Compact representation of clonal structure inferred with SCEVAN of multiregional scRNA-seq samples of patient GS1²² and a phylogenetic tree deduced from clonal structure of the samples. Source data are provided as a Source Data file.

Clonal structure of primary and metastatic lymph

SCEVAN (and similar approaches) can address important questions, such as identifying similarities and differences between primary tumors and metastases. For this purpose, we considered primary HNSCC tumors and corresponding lymph node metastases²¹. Of the four considered cases, just one specific sample, the patient (HNSCC5), presented a different clonal structure between primary tumor and lymph node metastasis, particularly, the absence of amplification of chromosome 7 (p22.3–p13) in the lymph node metastasis, as shown in Fig. 7. Interestingly, this is the locus of Glycoprotein non-metastatic b (GPNMB) which is downregulated in lymph node metastasis (Supplementary Fig. 9). Furthermore, GPNMB increases tumor growth and metastasis in multiple contexts³¹. For the remaining patients (HNSCC20, HNSCC25, HNSCC26, HNSCC28) the clonal structure of the lymph node metastasis appeared to be the same as in the primary tumor. Therefore, we obtained a high correlation (Pearson correlation between 0.79 and 0.89) comparing the clonal profiles of the primary tumor and lymph node metastasis pairs. These data show that SCEVAN can be used to study the clonal evolution of metastatic cancer.

Fig. 7: Clonal copy number comparison of matched primary and metastatic tumor.

Copy number profile of primary (P) and metastatic lymph nodes (L) from samples of Head and Neck cancer dataset (HNSCC5, HNSCC25,HNSCC26, HNSCC28)²¹. Source data are provided as a Source Data file.

Discussion

We described a variational segmentation approach to identify genomic copy number profiles from scRNA-seq data. The adopted joint segmentation algorithm is based on the notion that the cells in a given copy number clone share the same breakpoints. Thus, the expression profile of every individual cell, seen as a function of the genomic coordinates, contributes to the evidence of copy number alteration in each subclone. SCEVAN uses a set of stromal and immune signatures and the fact that malignant cells often harbor aneuploid copy number events to discriminate between transformed cells and microenvironment cells automatically. We used an extensive collection of annotated datasets of different tumor types confirming that SCEVAN is more accurate and faster than state-of-the-art methods. Our evaluation has shown that this approach is viable in cases with high purity and subjects with a significant amount of immune infiltration. Therefore, SCEVAN is particularly suited in studies where unsorted populations of single cells need to be analyzed to characterize, for example, the interaction between malignant cells and their microenvironment⁶.
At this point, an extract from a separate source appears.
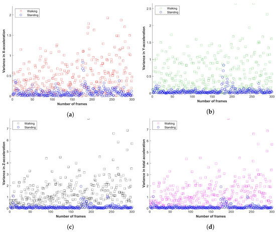 Variance in smartphone accelerometer data; (a) x-axis acceleration, (b) y-axis acceleration, (c) z-axis acceleration and (d) total acceleration.

The primary use of SCEVAN consists of delineating the clonal substructure in solid tumors based on differences in CNAs and studying the temporal and geographic evolution of tumors. In addition, we used SCEVAN to deconvolve the clonal structure of glioma tumors. For example, in one patient, we found the presence of cell populations with differential activation of glioma cellular states, confirming that the clonal architectures drive the heterogeneity of glioma subtypes⁵. Functional analysis of subclones revealed drivers of cellular states, such as the Proliferative/Progenitor (PPR) glioma subtype. We identified UBE2T as the top amplified and differential expressed gene in the PPR clone. Interestingly, UBE2T can be pharmacologically inhibited³², and therefore it results as a potential therapeutic target for PPR cells. Moreover, we have shown that with SCEVAN, we can characterize the clonal status of onco-suppressor genes such as PTEN and CDKN2A. Such characterization may be of interest for diagnostics or therapeutic targeting and for the exploitation of approaches based on synthetic lethality³³. Clonal deconvolution extracted from scRNA-seq can also be used to study regional and temporal tumor evolution, as we have shown in the case of a multiregional GBM dataset, and for the characterization of the difference between primary and metastases.
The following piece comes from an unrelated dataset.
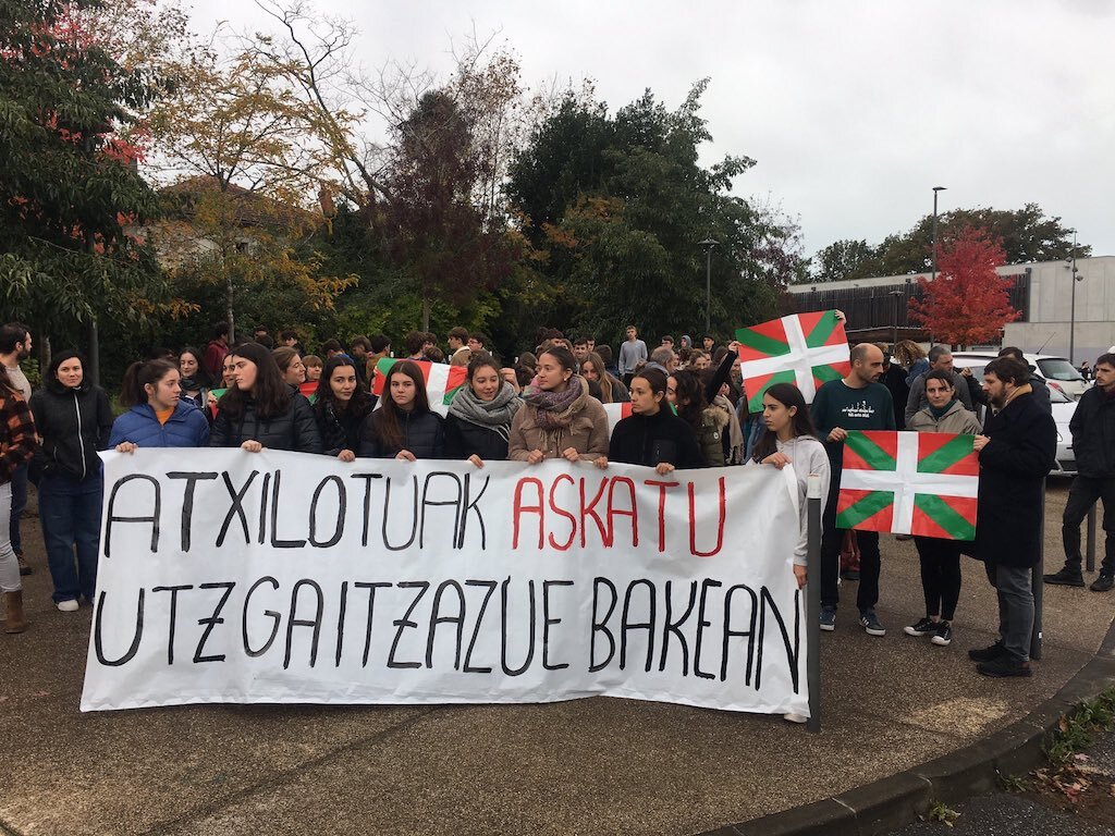 Lau atxiloketa horiek salatzeko Baionako Bernat Etxepare lizeoaren sarreran elkarretaratzea egin dute, gaur 10.30ean, bertako langile den Filipe Laskarai eta bera bezala atxilotuta dauden beste hiru herritarrak lehenbailehen aske uztea galdetzeko.

SCEVAN has been evaluated here with different single-cell technology and recently used in a large study integrating millions of single cells from 538 samples and 309 patients across 29 datasets using the most commonly applied platforms such as 10x Chromium, Smart-seq2, GEXSCOPE, inDrop and Drop-Seq³⁴.

Some limitations of our SCEVAN rely mainly on its basic assumption that their aneuploidy can identify cancer cells. However, there are cases such as liquid cancers (e.g., leukemia), pediatric cancers, Ependymomas, and others are known to harbor a minimal number of genomic alterations. Thus, our approach (and similar) may not be suited in this case.

Methods

Preprocessing of scRNA-seq data

The preprocessing phase is aimed at filtering out low-quality and irrelevant cells. Specifically, the cells with less than 200 detected genes and the genes expressed in less than 1% of cells are removed. The remaining genes are annotated by adding their genomic locations to the matrix using an Ensembl-based annotation package³⁵ and then genes are sorted according to genomic coordinates. After annotation, the genes involved in the cell cycle pathway, obtained from REACTOME³⁶, are filtered to reduce artificial segments caused by the cell cycle¹¹.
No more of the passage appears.